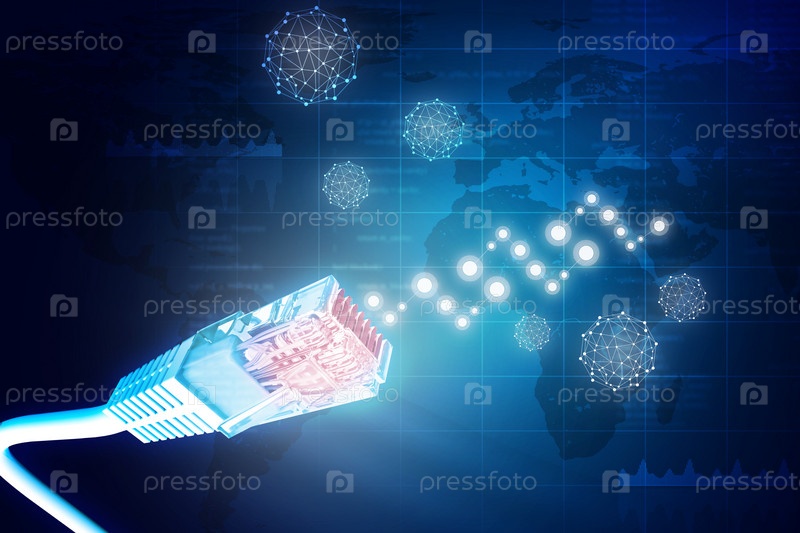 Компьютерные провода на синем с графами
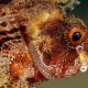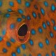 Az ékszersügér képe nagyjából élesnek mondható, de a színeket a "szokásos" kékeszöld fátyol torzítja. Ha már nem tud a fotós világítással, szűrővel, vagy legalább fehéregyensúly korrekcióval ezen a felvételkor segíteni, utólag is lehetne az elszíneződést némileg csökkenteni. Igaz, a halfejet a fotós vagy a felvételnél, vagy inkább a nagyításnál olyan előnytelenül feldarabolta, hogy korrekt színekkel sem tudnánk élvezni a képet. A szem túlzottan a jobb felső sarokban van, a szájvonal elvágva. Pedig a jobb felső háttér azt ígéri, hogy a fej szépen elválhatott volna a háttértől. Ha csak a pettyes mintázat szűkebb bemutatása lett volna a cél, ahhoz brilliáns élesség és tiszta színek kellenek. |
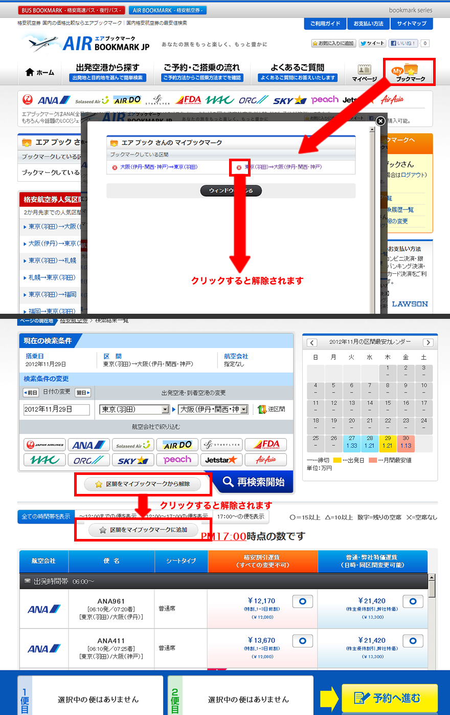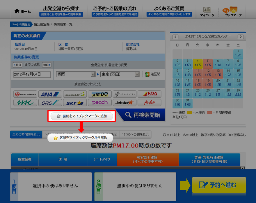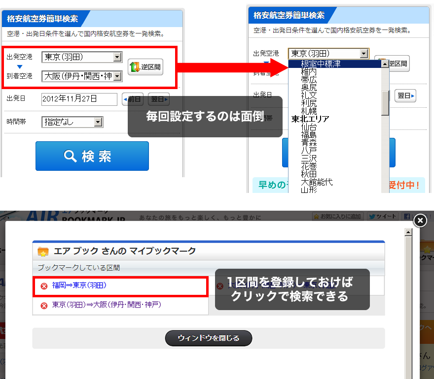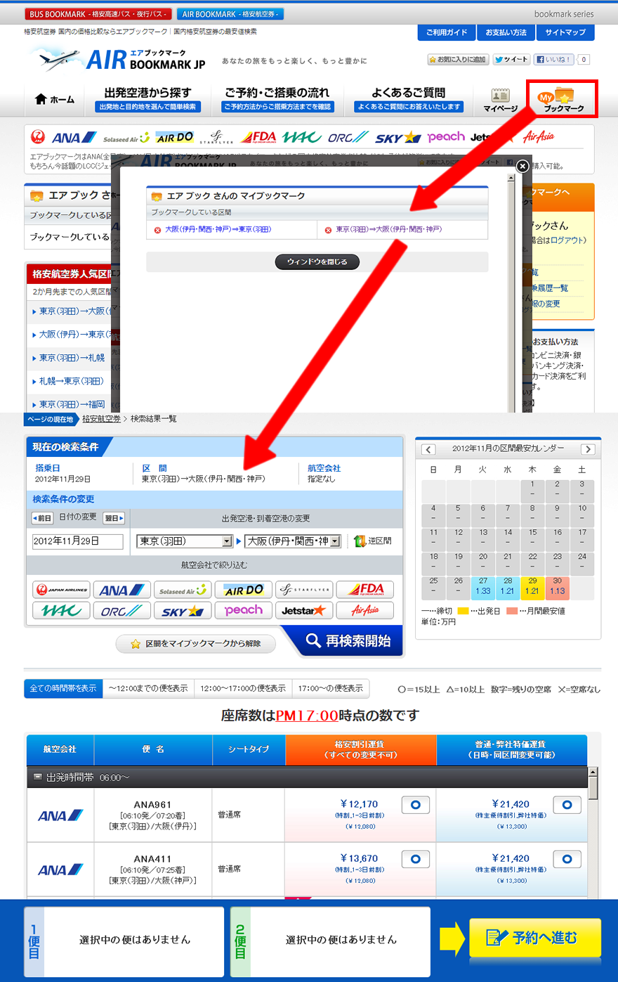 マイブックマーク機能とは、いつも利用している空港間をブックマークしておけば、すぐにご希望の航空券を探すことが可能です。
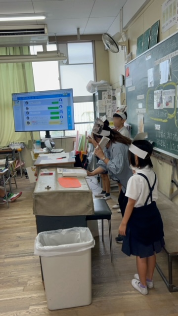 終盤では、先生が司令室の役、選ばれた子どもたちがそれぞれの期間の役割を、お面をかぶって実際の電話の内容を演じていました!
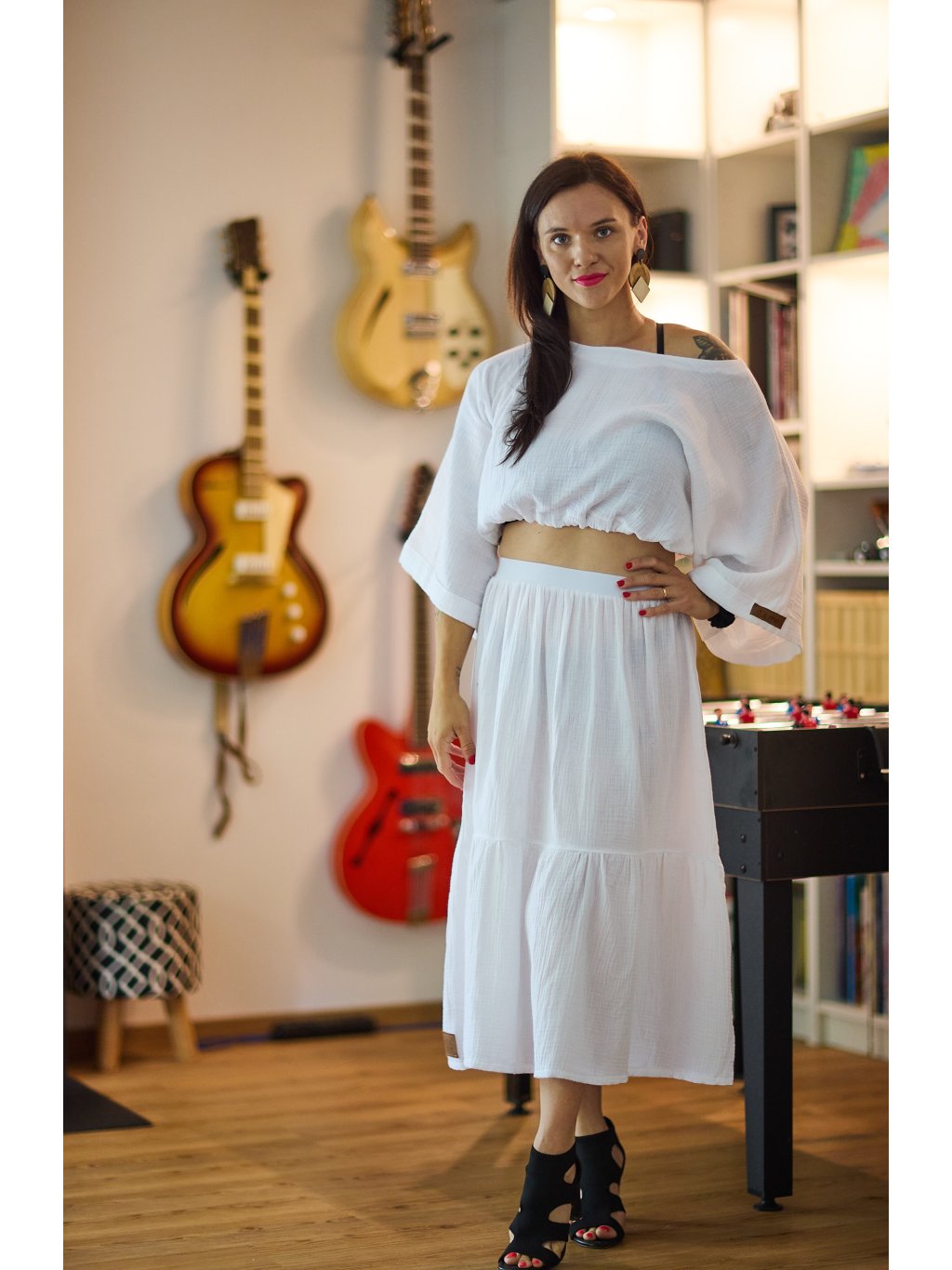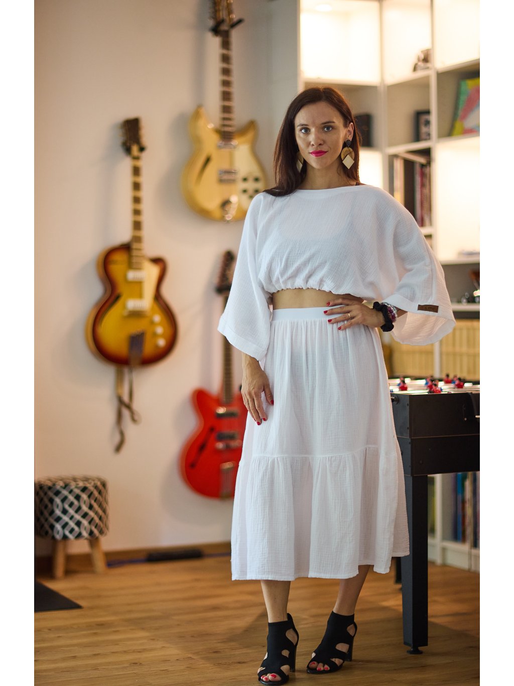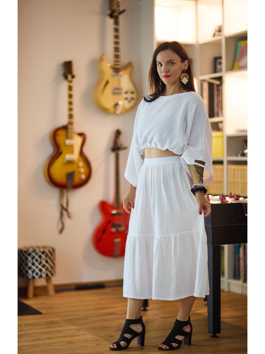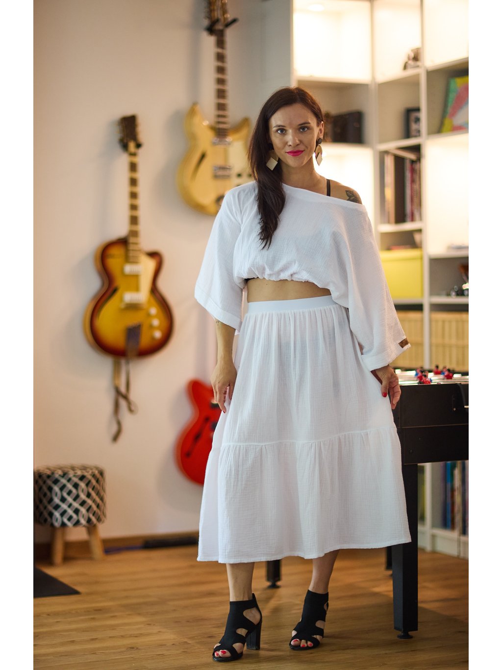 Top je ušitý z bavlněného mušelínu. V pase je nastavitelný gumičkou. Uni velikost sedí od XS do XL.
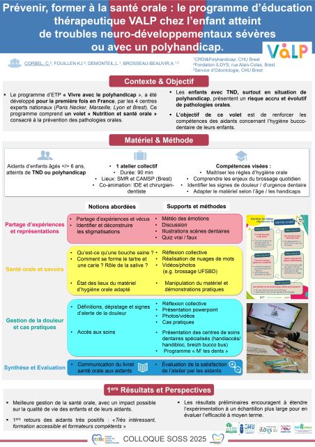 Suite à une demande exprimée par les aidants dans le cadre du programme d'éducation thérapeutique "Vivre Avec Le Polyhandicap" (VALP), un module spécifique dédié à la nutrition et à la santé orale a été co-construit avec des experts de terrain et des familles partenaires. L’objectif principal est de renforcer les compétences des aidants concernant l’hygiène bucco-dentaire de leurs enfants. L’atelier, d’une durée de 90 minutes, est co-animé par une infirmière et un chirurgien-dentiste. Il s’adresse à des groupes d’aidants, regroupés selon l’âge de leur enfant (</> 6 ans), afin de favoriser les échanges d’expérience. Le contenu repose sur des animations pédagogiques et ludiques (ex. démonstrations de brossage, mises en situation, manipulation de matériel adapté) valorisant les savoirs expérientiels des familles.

· · · · · · ·

Please print the entire listing again exactly, minus its images.

• **OUTPUT BELOW**:
 Компьютерные провода на синем с графами
 Az ékszersügér képe nagyjából élesnek mondható, de a színeket a "szokásos" kékeszöld fátyol torzítja. Ha már nem tud a fotós világítással, szűrővel, vagy legalább fehéregyensúly korrekcióval ezen a felvételkor segíteni, utólag is lehetne az elszíneződést némileg csökkenteni. Igaz, a halfejet a fotós vagy a felvételnél, vagy inkább a nagyításnál olyan előnytelenül feldarabolta, hogy korrekt színekkel sem tudnánk élvezni a képet. A szem túlzottan a jobb felső sarokban van, a szájvonal elvágva. Pedig a jobb felső háttér azt ígéri, hogy a fej szépen elválhatott volna a háttértől. Ha csak a pettyes mintázat szűkebb bemutatása lett volna a cél, ahhoz brilliáns élesség és tiszta színek kellenek. |
 マイブックマーク機能とは、いつも利用している空港間をブックマークしておけば、すぐにご希望の航空券を探すことが可能です。
 終盤では、先生が司令室の役、選ばれた子どもたちがそれぞれの期間の役割を、お面をかぶって実際の電話の内容を演じていました!
 Top je ušitý z bavlněného mušelínu. V pase je nastavitelný gumičkou. Uni velikost sedí od XS do XL.
 Suite à une demande exprimée par les aidants dans le cadre du programme d'éducation thérapeutique "Vivre Avec Le Polyhandicap" (VALP), un module spécifique dédié à la nutrition et à la santé orale a été co-construit avec des experts de terrain et des familles partenaires. L’objectif principal est de renforcer les compétences des aidants concernant l’hygiène bucco-dentaire de leurs enfants. L’atelier, d’une durée de 90 minutes, est co-animé par une infirmière et un chirurgien-dentiste. Il s’adresse à des groupes d’aidants, regroupés selon l’âge de leur enfant (</> 6 ans), afin de favoriser les échanges d’expérience. Le contenu repose sur des animations pédagogiques et ludiques (ex. démonstrations de brossage, mises en situation, manipulation de matériel adapté) valorisant les savoirs expérientiels des familles.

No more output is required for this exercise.